[Start of section]

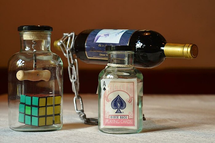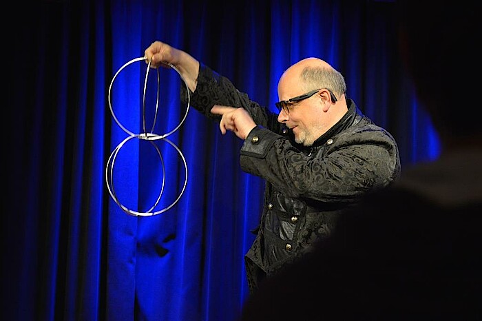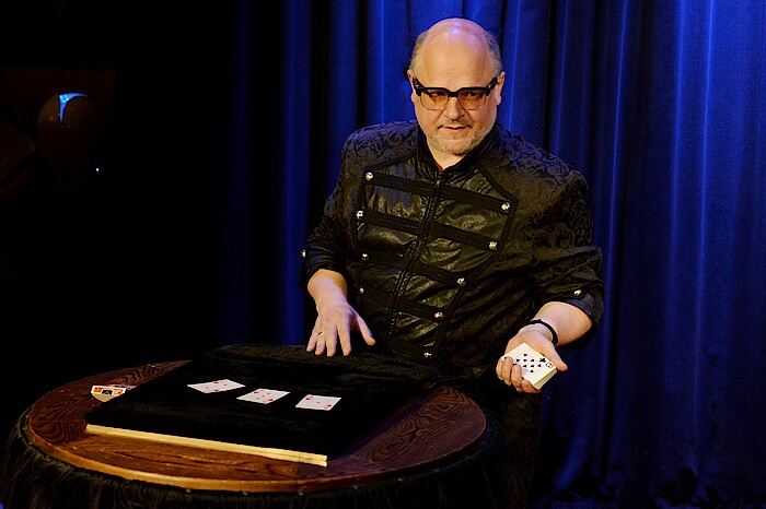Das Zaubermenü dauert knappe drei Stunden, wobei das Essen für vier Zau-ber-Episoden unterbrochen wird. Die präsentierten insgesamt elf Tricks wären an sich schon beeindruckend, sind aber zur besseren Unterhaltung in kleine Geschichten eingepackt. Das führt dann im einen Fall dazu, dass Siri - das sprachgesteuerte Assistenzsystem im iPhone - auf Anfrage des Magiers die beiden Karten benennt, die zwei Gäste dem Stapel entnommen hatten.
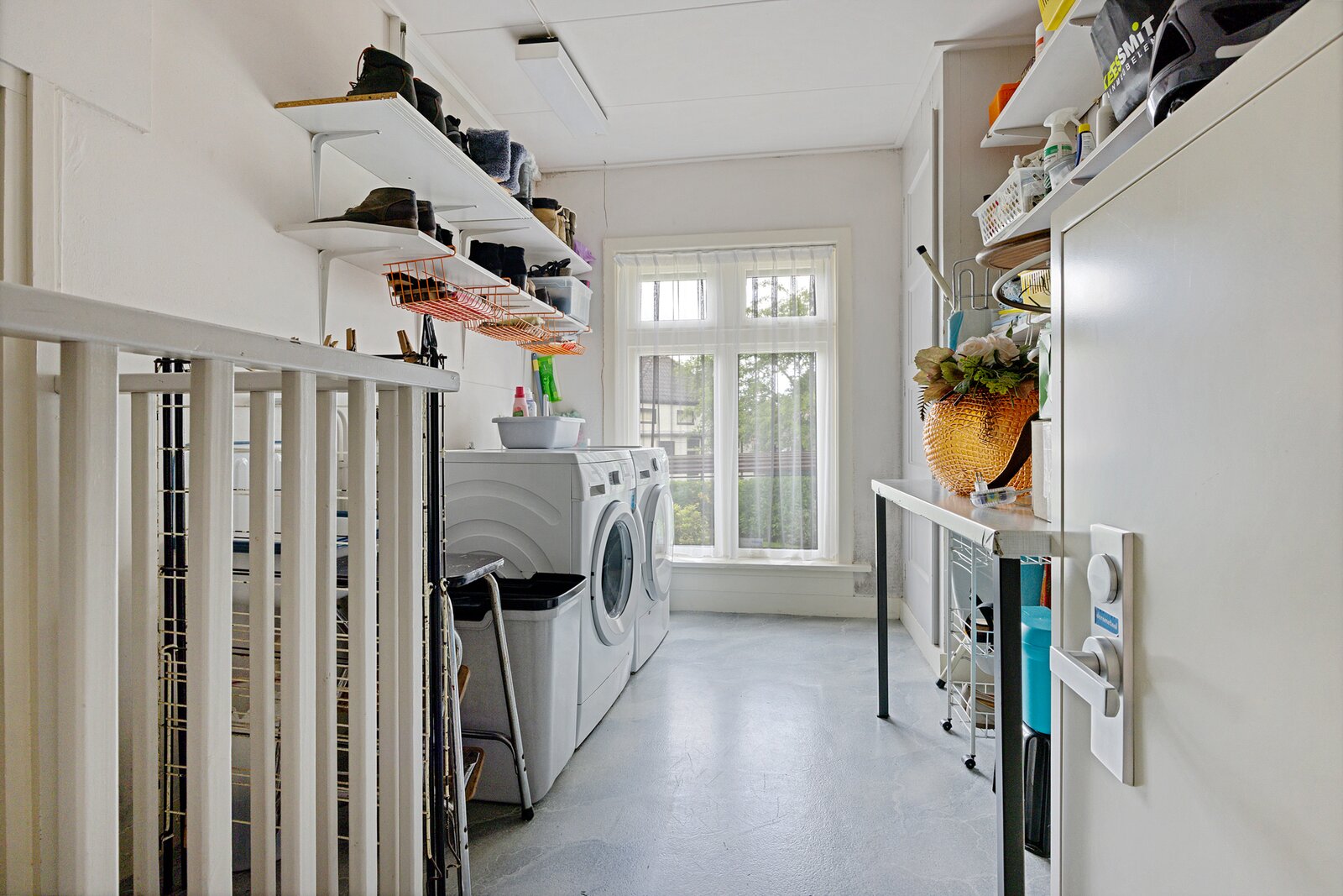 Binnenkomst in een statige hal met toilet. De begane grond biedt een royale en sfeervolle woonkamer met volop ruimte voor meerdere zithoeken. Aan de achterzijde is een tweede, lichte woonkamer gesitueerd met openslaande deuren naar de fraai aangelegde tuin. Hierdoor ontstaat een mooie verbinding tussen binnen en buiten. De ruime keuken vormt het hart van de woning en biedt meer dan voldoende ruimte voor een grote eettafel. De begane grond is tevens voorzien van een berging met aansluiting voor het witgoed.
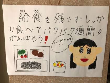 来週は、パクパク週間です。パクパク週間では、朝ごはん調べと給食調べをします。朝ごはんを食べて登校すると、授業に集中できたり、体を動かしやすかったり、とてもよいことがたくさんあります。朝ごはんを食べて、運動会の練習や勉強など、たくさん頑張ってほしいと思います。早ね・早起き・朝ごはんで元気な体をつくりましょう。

[End of section]

TRY IT ->
The full listing above, duplicated exactly and without its pictures, is the answer.

OUTPUT FOR THIS EXERCISE ->
Das Zaubermenü dauert knappe drei Stunden, wobei das Essen für vier Zau-ber-Episoden unterbrochen wird. Die präsentierten insgesamt elf Tricks wären an sich schon beeindruckend, sind aber zur besseren Unterhaltung in kleine Geschichten eingepackt. Das führt dann im einen Fall dazu, dass Siri - das sprachgesteuerte Assistenzsystem im iPhone - auf Anfrage des Magiers die beiden Karten benennt, die zwei Gäste dem Stapel entnommen hatten.
 Binnenkomst in een statige hal met toilet. De begane grond biedt een royale en sfeervolle woonkamer met volop ruimte voor meerdere zithoeken. Aan de achterzijde is een tweede, lichte woonkamer gesitueerd met openslaande deuren naar de fraai aangelegde tuin. Hierdoor ontstaat een mooie verbinding tussen binnen en buiten. De ruime keuken vormt het hart van de woning en biedt meer dan voldoende ruimte voor een grote eettafel. De begane grond is tevens voorzien van een berging met aansluiting voor het witgoed.
 来週は、パクパク週間です。パクパク週間では、朝ごはん調べと給食調べをします。朝ごはんを食べて登校すると、授業に集中できたり、体を動かしやすかったり、とてもよいことがたくさんあります。朝ごはんを食べて、運動会の練習や勉強など、たくさん頑張ってほしいと思います。早ね・早起き・朝ごはんで元気な体をつくりましょう。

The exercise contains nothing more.